Frieda Verständig
Frau Verständig war eine Holocaust-Überlebende. Ihre Begeisterung für Bewegung und Kultur ließ sie sich auch durch zunehmende Sehbeeinträchtigung nicht nehmen. Ihr Erbe vermachte sie sechs gemeinnützigen Organisationen.
„Mein kleiner grüner Kaktus steht draußen am Balkon. Hollari, hollari, hollaro!“
Frau Verständig war eine agile kommunikative Frau, die gerne über ihr bewegtes Leben erzählte: Ihren berühmten Cousin – Bert Reisfeld, der Komponist des bekannten Schlagers „Mein kleiner grüner Kaktus“ – traf sie nur einige Male. Er war um 23 Jahre älter und nach Amerika emigriert, hatte in Hollywood Karriere gemacht. Das beeindruckte sie sehr und sie berichtete gerne über ihre Kindheit und Jugend.

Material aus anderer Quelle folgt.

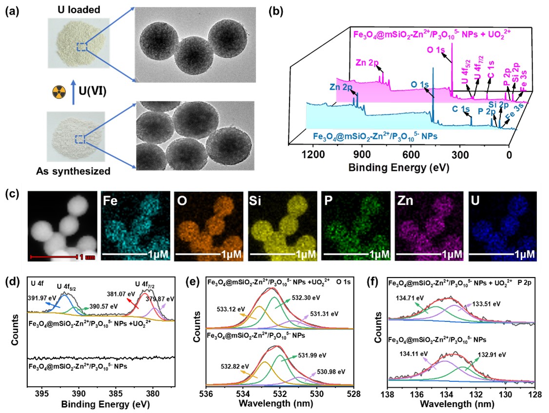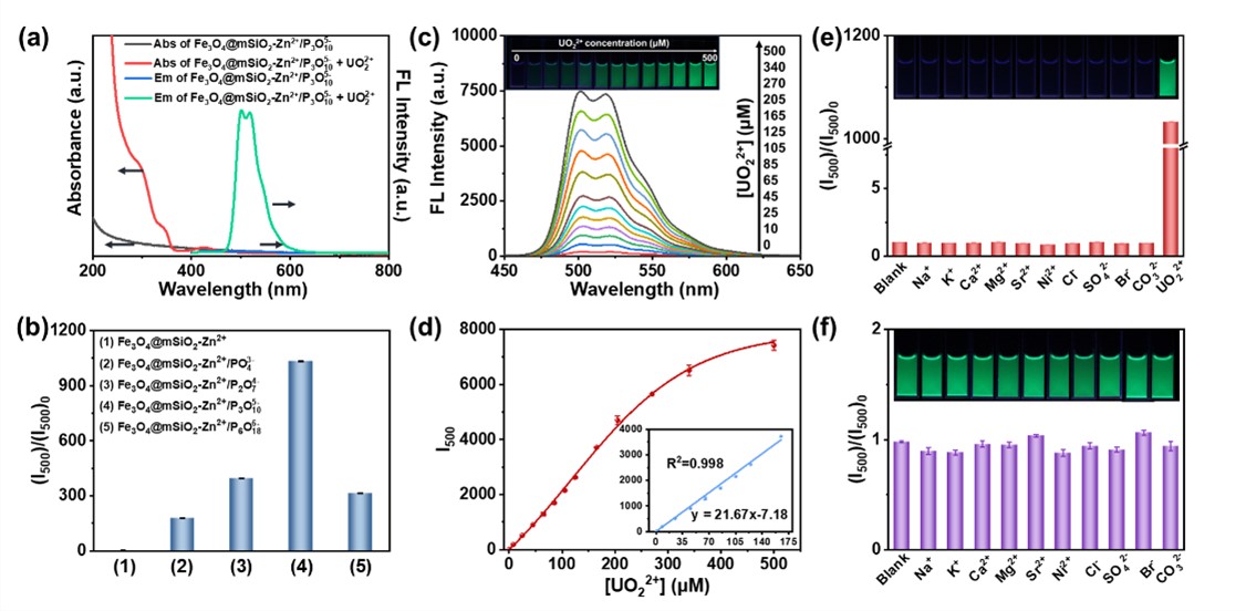 (磷酸功能化磁性介孔二氧化硅用于同步检测、吸附和重复去除铀酰离子)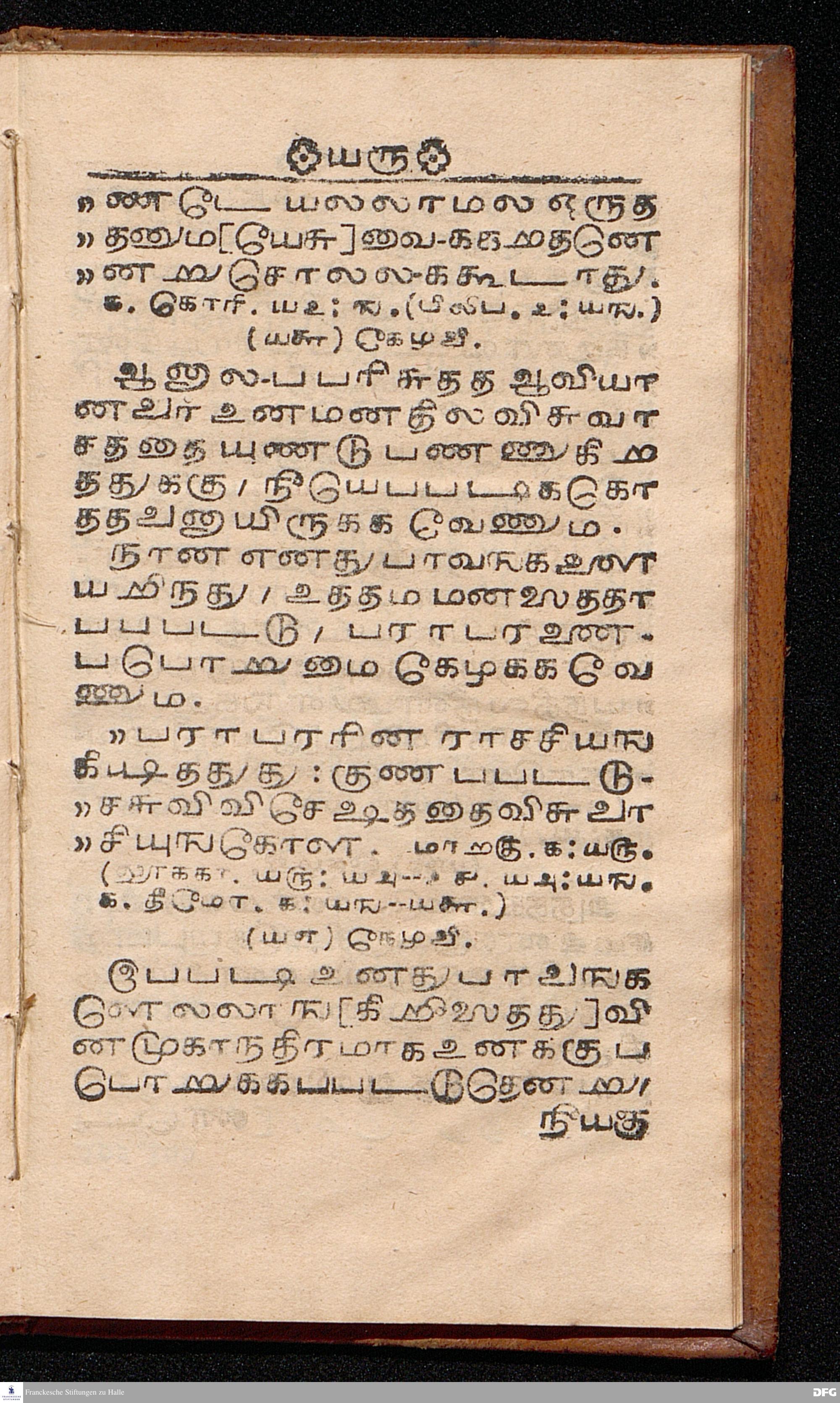 DOCTRINAE CHRISTIANAE RUDIMENTA OLIM AB AUTORE BEATO A. H. FRANCKIO Theologo Halensi GERMANICE EDITA: NUNC IN LINGUAM TAMULICAM TRANSLATA. Accessit brevis notitia de S. Scriptira & religione. [Bibelzitat] TRANGAMBARIAE, TYPIS MISSIONIS DANICAE, MDCCXXXIV

Jugend im Konzentrationslager
Sie wuchs in einfachen Verhältnissen im fünften Wiener Gemeindebezirk auf. Mit dem späteren Künstler Arik Brauer hatte sie im Hof Völkerball gespielt. Ihre Mutter war arischer, der Vater jüdischer Abstammung. Mit 13 Jahren wurde sie mit dem Vater ins Konzentrationslager Theresienstadt deportiert. Die Mutter verstarb noch vor dem Transport. Frau Verständig erzählte, dass sie Glück hatte, weil sie dem Bereich Ernte zugeteilt wurde. Dadurch war sie viel an der frischen Luft und hatte auch Zugang zu Obst und Gemüse. Bis zur Befreiung 1945 verbrachte sie 2 ½ Jahre im Konzentrationslager. Ihr Vater verstarb dort. Zurück in Wien holte sie die fehlenden Schuljahre nach und besuchte die Handelsschule. Ihr Berufsleben verbrachte sie als kaufmännische Angestellte bei der Stadt Wien.
Gymnastik mit Rollator
Bewegung und Kultur waren wichtige Eckpfeiler im Leben der alleinstehenden kinderlosen Frau. Über 40 Jahre veranstaltete Frau Verständig an der Volkshochschule Gymnastikkurse. Als über 80-jährige und selbst nicht mehr so mobil, turnte sie mit dem Rollator und gab regelmäßig Gymnastikstunden für Seniorinnen. In ihren letzten Lebensjahren war sie stark seheingeschränkt und schwerhörig. Sie verstarb mit 92 Jahren und bedachte sechs gemeinnützige Organisationen mit ihrem Erbe, darunter auch die Hilfsgemeinschaft.
Voller Dankbarkeit denken wir an Frau Verständig und ihre wertvolle Unterstützung für sehbeeinträchtigte und blinde Menschen.